These are the key concepts you need to understand to accurately answer the question.

Thermal Diffusivity
Thermal diffusivity is a measure of how quickly heat moves through a material. In simpler terms, it describes the rate at which temperature changes occur within a substance as heat is applied or removed. This property is crucial in understanding heat conduction, especially in fluids such as water.

To calculate thermal diffusivity, we use the formula \( \alpha = \frac{k}{c\rho} \), where \( k \) is the thermal conductivity, \( c \) is the specific heat capacity, and \( \rho \) is the density of the fluid.

This relationship tells us that thermal diffusivity depends on how easily heat can travel through the material (thermal conductivity), how much energy the material can store (specific heat capacity), and the material's density. This is why thermal diffusivity is a vital concept when analyzing how temperature changes in a lake or any body of water over time.

For water in a lake, a low thermal diffusivity value means the heat takes a longer time to penetrate deep into the water, explaining why temperature changes slowly at greater depths.
Conduction in Fluids
Heat conduction in fluids, like water, is a process where thermal energy is transferred from hotter regions to cooler regions. This transfer occurs via the movement of molecules in the fluid.

In the context of a lake, when the surface temperature suddenly increases due to warm air, the heat starts to conduct downwards. However, as water has relatively low thermal conductivity, this process is not very rapid. The heat gradually diffuses deeper into the water, creating layers of differing temperatures with depth.
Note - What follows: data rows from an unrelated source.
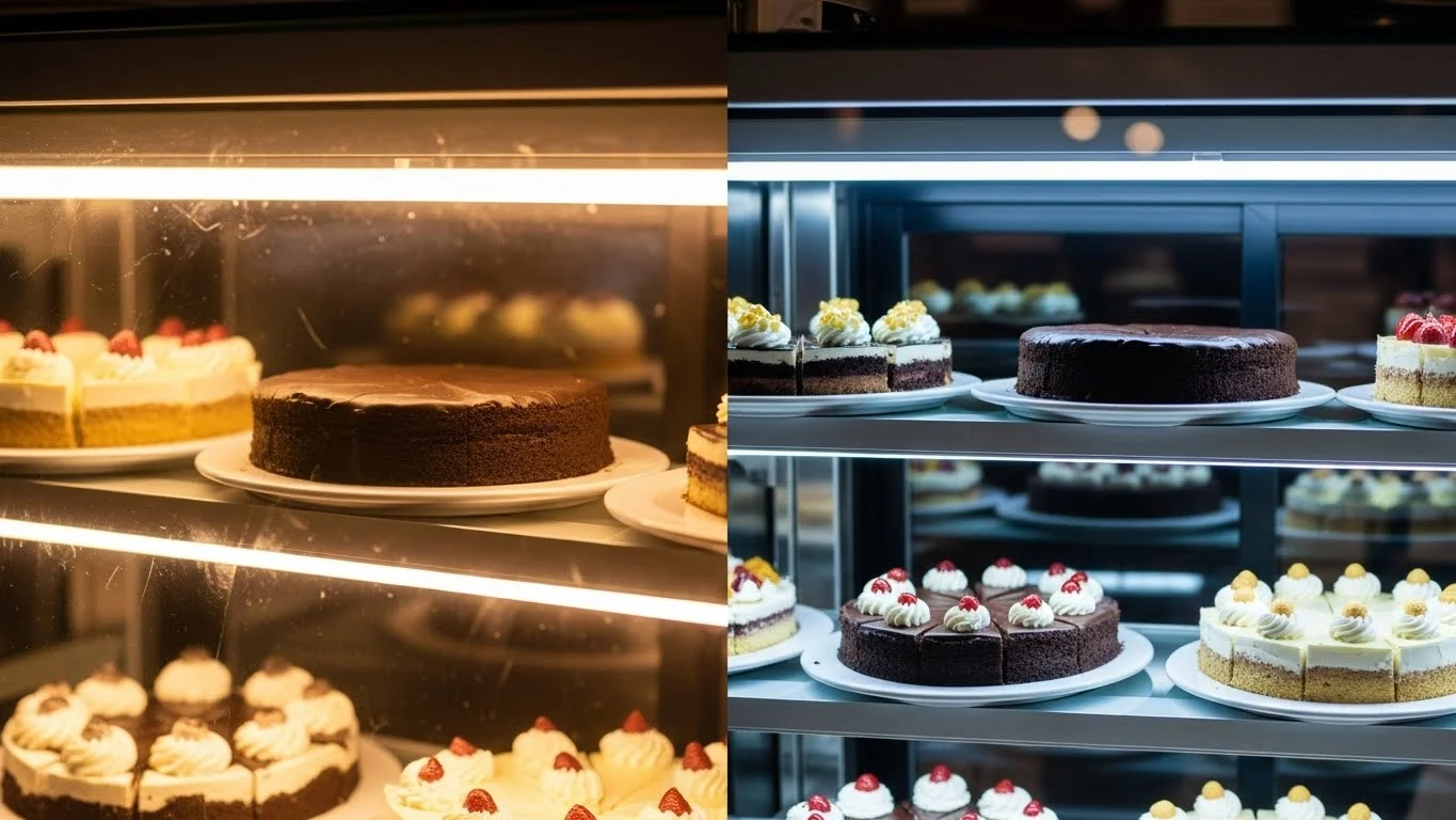 낡고 소음이 심한 중고 쇼케이스에 진열된 케이크를 보고 프리미엄 가격을 지불할 손님은 없습니다.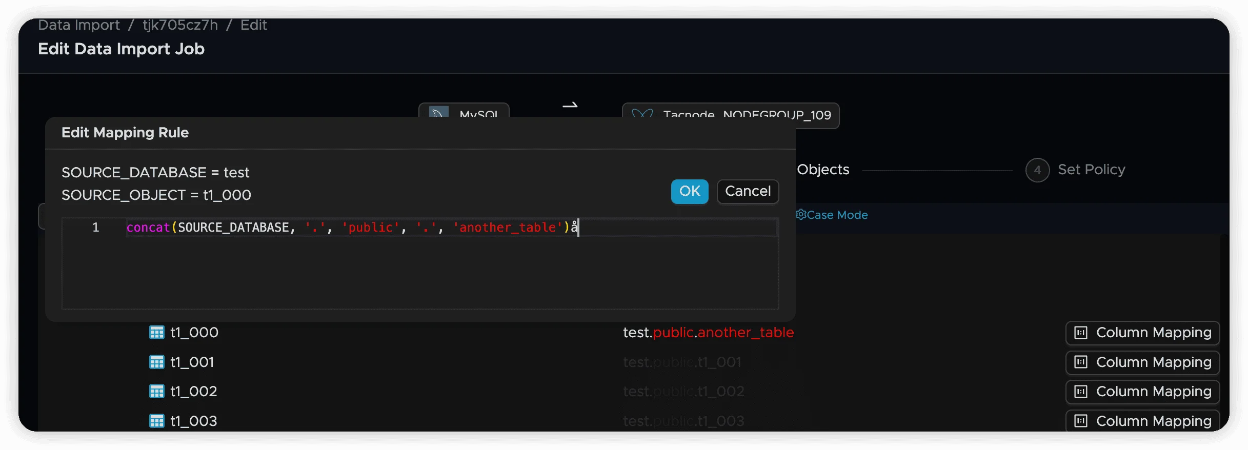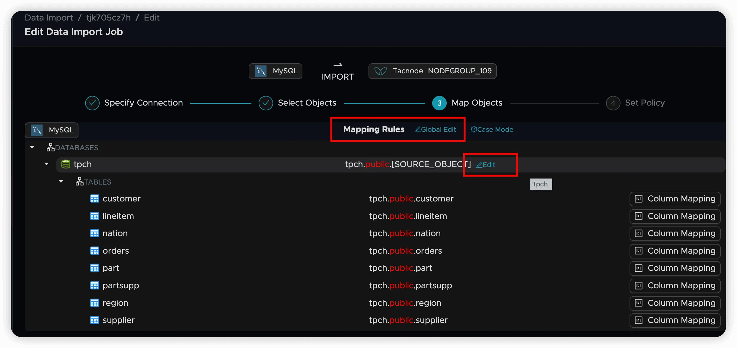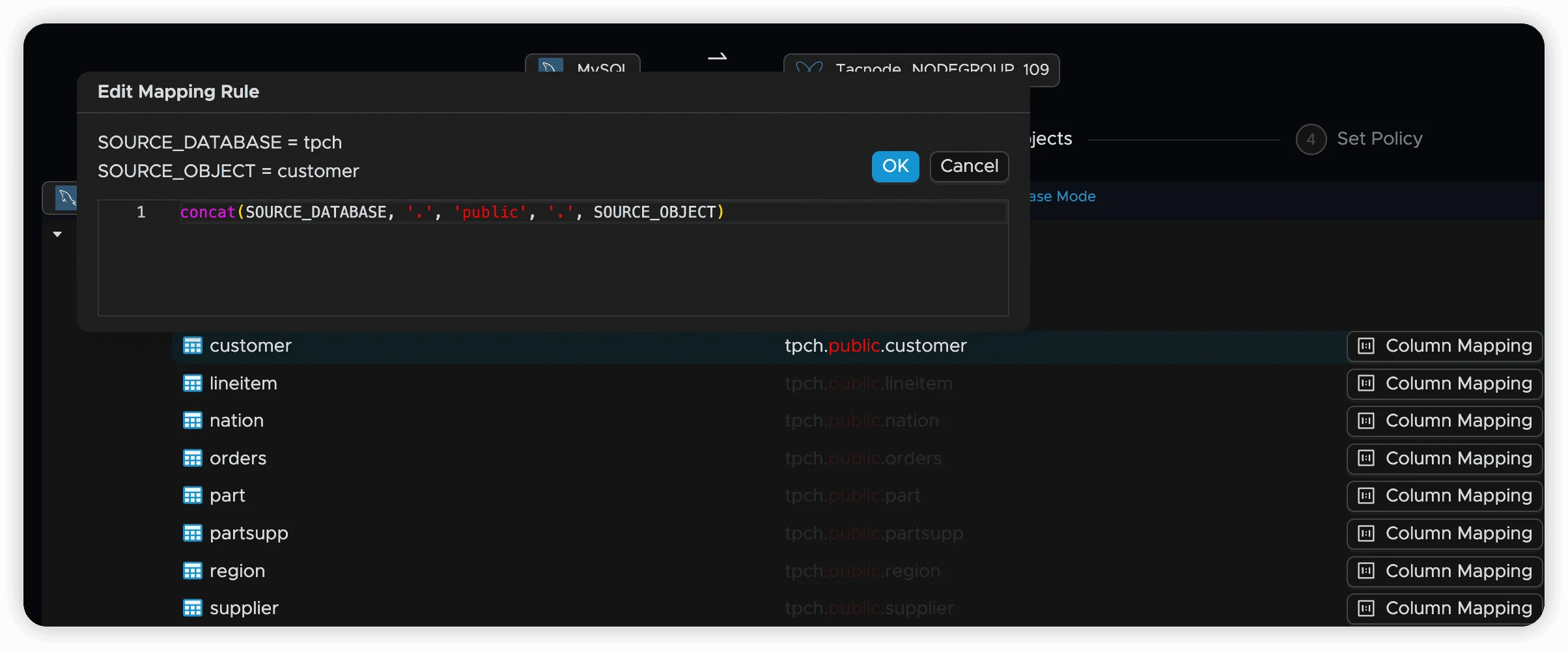 Object mapping defines how source objects (databases, schemas, tables) correspond to target objects in Tacnode. Each synchronization job has default mapping rules that can be customized to meet specific requirements.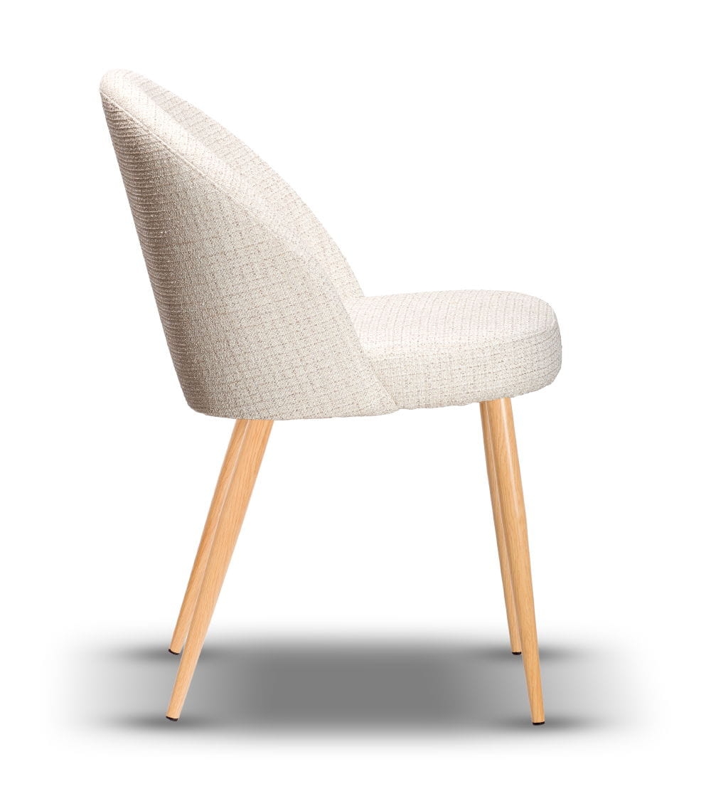 Model Soul łączy prostą, nowoczesną formę z subtelną elegancją. Tapicerowane siedzisko i oparcie wykonane są z wysokiej jakości tkanin, które zachowują estetyczny wygląd nawet przy codziennym użytkowaniu. Smukłe nogi z metalu w kolorze drewna dębowego nadają lekkości konstrukcji i podkreślają minimalistyczny charakter mebla. Całość tworzy harmonijne połączenie stylu, wygody i solidności.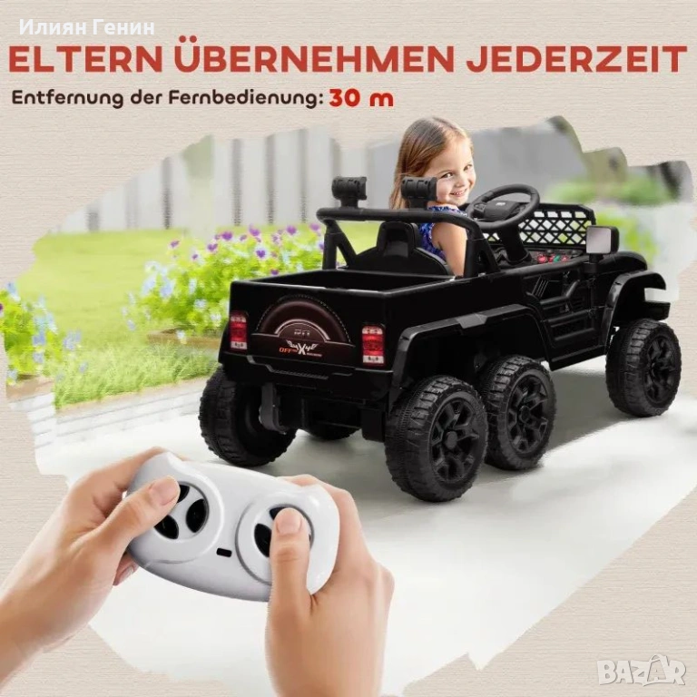 Интерактивно шофиране: С три регулируеми скорости от 2,5 до 4 км/ч, тази електрическа кола предлага уникално шофиране за деца. Може да се управлява ръчно от деца или от родители чрез дистанционно управление.
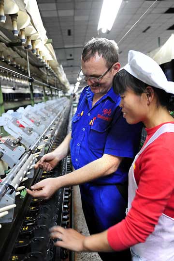 在華西精毛紡廠,一名女工在德國(guó)技術(shù)專家的幫助下學(xué)習(xí)操作新儀器。新華社記者:王頌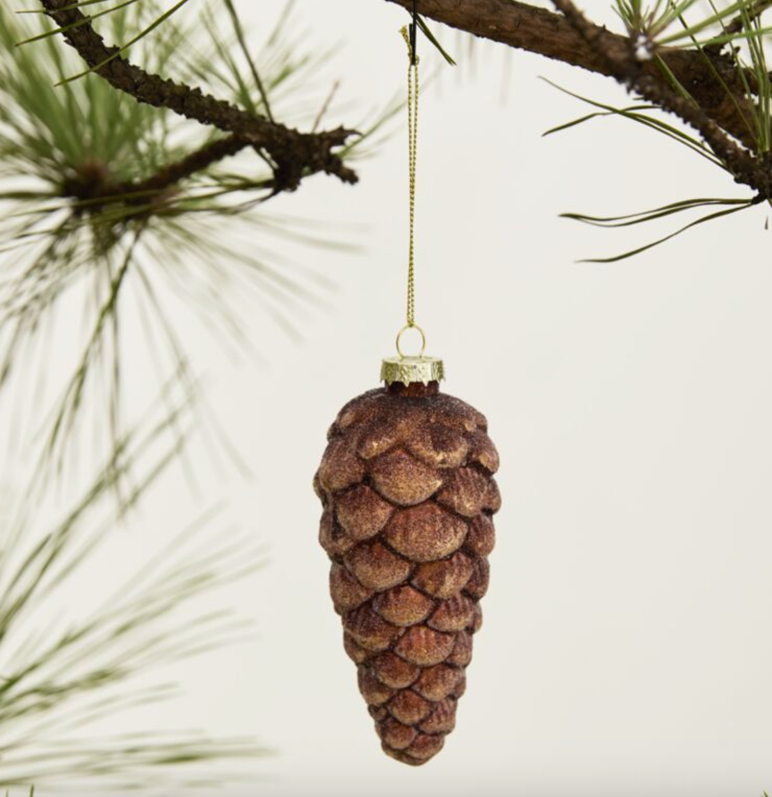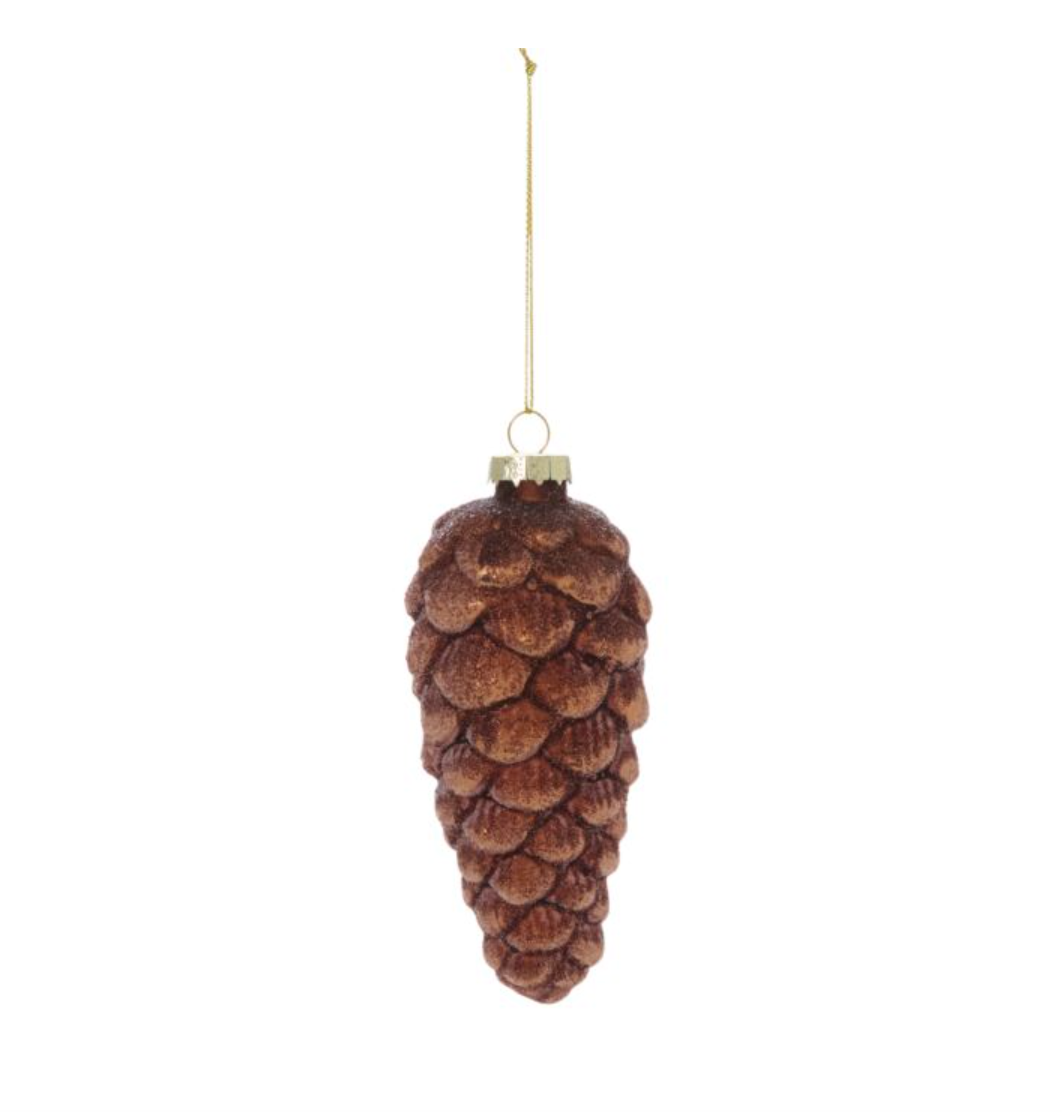 Decorate the Christmas tree with the bronze Frosted Pinecone Ornament, a nature inspired sparkling pinecone available in two sizes. A textured, shiny glass base is dusted in color coordinating glitter. These elegant pinecones are perfect on the tree or styled as bowl fillers as festive tabletop decor.

Layers form because warmer water remains on top of the colder water, given that it is less dense. This stratification is common in large bodies of water and affects how quickly or slowly temperature changes at different depths.

Understanding this process in fluids helps predict temperature changes and manage natural water bodies effectively, keeping in mind that factors like turbulence and wind can alter these patterns significantly.
Temperature Distribution
Temperature distribution in a medium like water is the variation of temperature across its depth. When heat is applied to the surface of a lake, analyzing how the temperature changes as you go deeper is essential.

This concept is often analyzed using the heat equation, which describes how heat diffuses through a homogeneous medium over time. In the example of a lake, the heat equation helps calculate the temperature at different depths by considering factors such as the thermal diffusivity of water, the initial temperature, and the change in surface temperature. For a significant time, after a sudden change in surface temperature, the temperature at a given depth can be determined by factors like time elapsed, depth, and initial conditions. Understanding temperature distribution helps predict environmental changes and make necessary adjustments to sustain aquatic life and ecosystem balance.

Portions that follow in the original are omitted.